I know it has been almost two years since this question was asked, but I just had to figure out the mechanics of bare-metal C++ initialization with GCC myself, so I thought I'd share the details here. There turns out to be a lot of out-of-date or confusing information on the web. For example, the oft-mentioned collect2
wrapper does not appear to be used for ARM ELF targets, since its arbitrary section support enables the approach described below.
First, when I compile the code above with the given command line using Sourcery CodeBench Lite 2012.09-63, I do see the correct .init_array
section size of 4:
$ arm-none-eabi-objdump -h foo.o
foo.o: file format elf32-littlearm
Sections:
Idx Name Size VMA LMA File off Algn
...
13 .init_array 00000004 00000000 00000000 0000010c 2**2
CONTENTS, ALLOC, LOAD, RELOC, DATA
...
When I look at the section contents, it just contains 0:
$ arm-none-eabi-objdump -j .init_array -s foo.o
Contents of section .init_array:
0000 00000000 ....
However, there is also a relocation section that sets it correctly to _GLOBAL__sub_I_foo
:
$ arm-none-eabi-objdump -x foo.o
...
RELOCATION RECORDS FOR [.init_array]:
OFFSET TYPE VALUE
00000000 R_ARM_TARGET1 _GLOBAL__sub_I_foo
In general, .init_array
points to all of your _GLOBAL__sub_I_XXX
initializer stubs, each of which calls its own copy of _Z41__static_initialization_and_destruction_0ii
(yes, it is multiply-defined), which calls the constructor with the appropriate arguments.

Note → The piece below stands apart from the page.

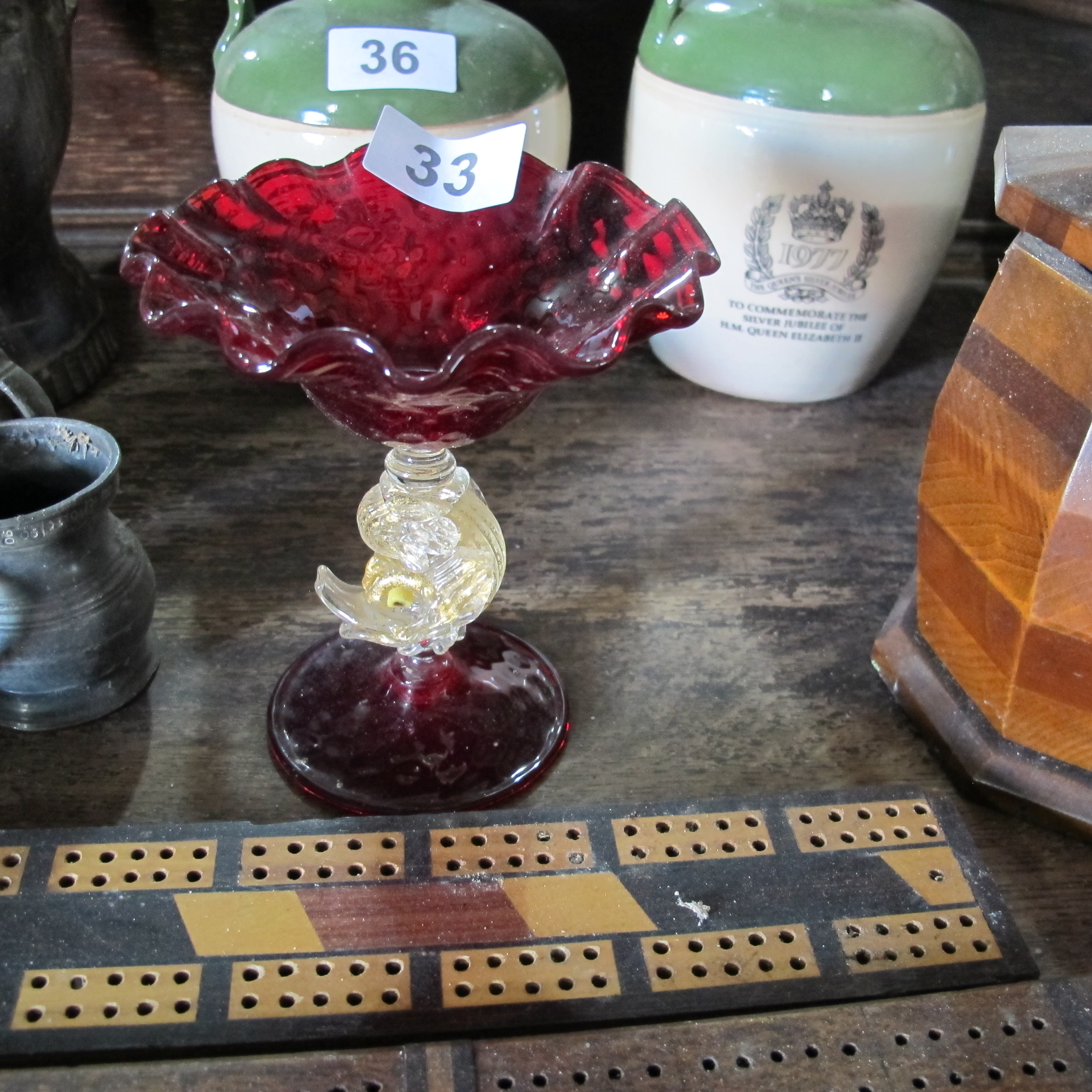 rare mid century Murano Salviati dolphin red candleholder with gold flake. 7 inches height

Because I'm using -nostdlib
in my build, I can't use CodeSourcery's __libc_init_array
to execute the .init_array
for me, so I need to call the static initializers myself:
extern "C"
{
extern void (**__init_array_start)();
extern void (**__init_array_end)();
inline void static_init()
{
for (void (**p)() = __init_array_start; p < __init_array_end; ++p)
(*p)();
}
}
__init_array_start
and __init_array_end
are defined by the linker script:
. = ALIGN(4);
.init_array :
{
__init_array_start = .;
KEEP (*(.init_array*))
__init_array_end = .;
}
This approach seems to work with both the CodeSourcery cross-compiler and native ARM GCC, e.g. in Ubuntu 12.10 for ARM. Supporting both compilers is one reason for using -nostdlib
and not relying on the CodeSourcery CS3 bare-metal support.